[Dataset entries]
------------------------------------

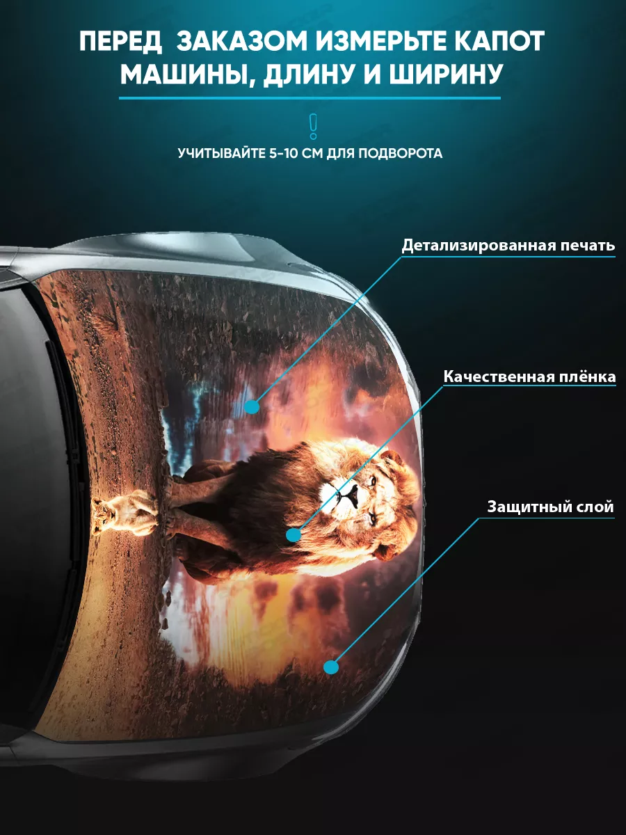Большая наклейка на капот 155х119 см украшает внешний вид автомобиля и позволяет подчеркнуть индивидуальность. Наклейка изготовлена на самоклеящейся виниловой пленке ПВХ Oracal и рассчитана на длительную службу в любых условиях. В ассортименте Stickerboss доступны варианты с животными, флагами, пейзажами и аниме — можно подобрать решение под любой стиль. При необходимости лист можно подрезать под нужный размер. Товар упаковывается в защитную тубу, что обеспечивает сохранность во время доставки.
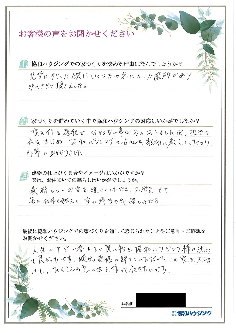 家を作る過程で、分からない事が多くありましたが、担当の方をはじめ、協和ハウジングの皆さんが親切に教えてくださり、非常に助かりました。
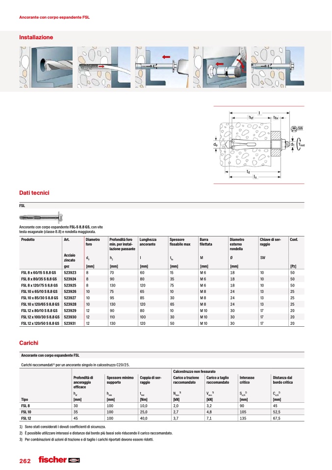 Ancorante con corpo espandente FSL-S 8.8 GS, con vite
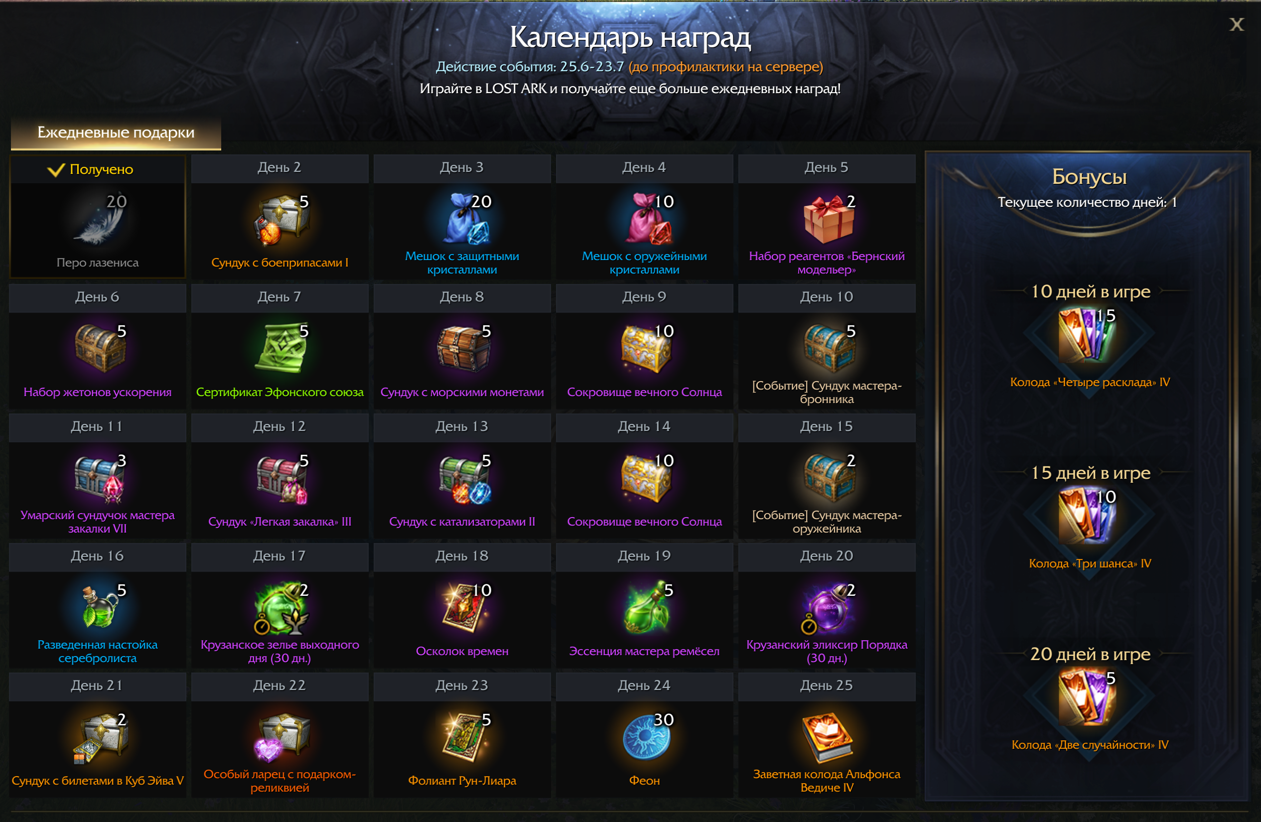 Новички и Искатели, которые давно не были в LOST ARK, найдут дополнительные подарки в особом календаре. Зовите своих друзей в LOST ARK, чтобы они смогли получить приятные подарки!
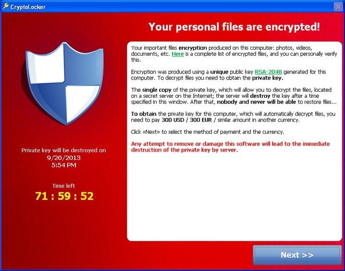 Au second trimestre 2013, McAfee avait identifié 320 000 nouveaux échantillons de ce type de malware, un « chiffre record ». La seconde moitié de l’année fut marquée par l’apparition, début septembre, de CryptoLocker, un cheval de Troie qui se diffuse via des mails infectés, principalement dans les pays anglophones. Il est déguisé en factures UPS/FedEx ou en messages bancaires. Une fois installé, il chiffre les données personnelles par une clé RSA 2048 bits, stockée sur des serveurs pirates.
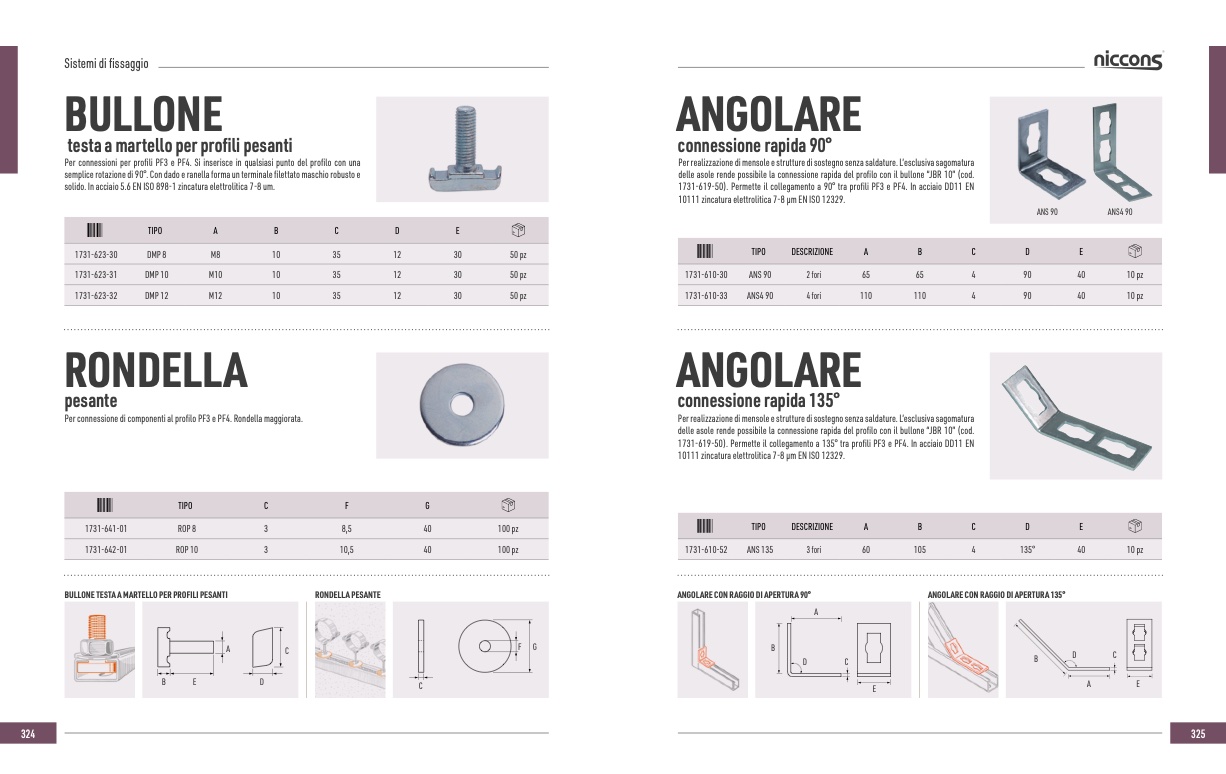 1731-619-50). Permette il collegamento a 90° tra profili PF3 e PF4. In acciaio DD11 EN
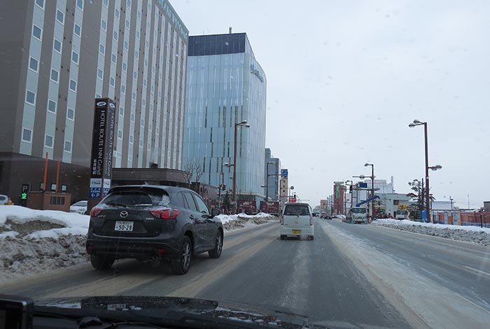 国道39号、五差路から北見駅方向

------------------------------------

**TASK DESCRIPTION**. Please write out the lines above, beginning at the line with "Au second trimestre" and ending at the last line of the records, exactly as they appear and without pictures.

**RESPONSE BOX**.
 Au second trimestre 2013, McAfee avait identifié 320 000 nouveaux échantillons de ce type de malware, un « chiffre record ». La seconde moitié de l’année fut marquée par l’apparition, début septembre, de CryptoLocker, un cheval de Troie qui se diffuse via des mails infectés, principalement dans les pays anglophones. Il est déguisé en factures UPS/FedEx ou en messages bancaires. Une fois installé, il chiffre les données personnelles par une clé RSA 2048 bits, stockée sur des serveurs pirates.
 1731-619-50). Permette il collegamento a 90° tra profili PF3 e PF4. In acciaio DD11 EN
 国道39号、五差路から北見駅方向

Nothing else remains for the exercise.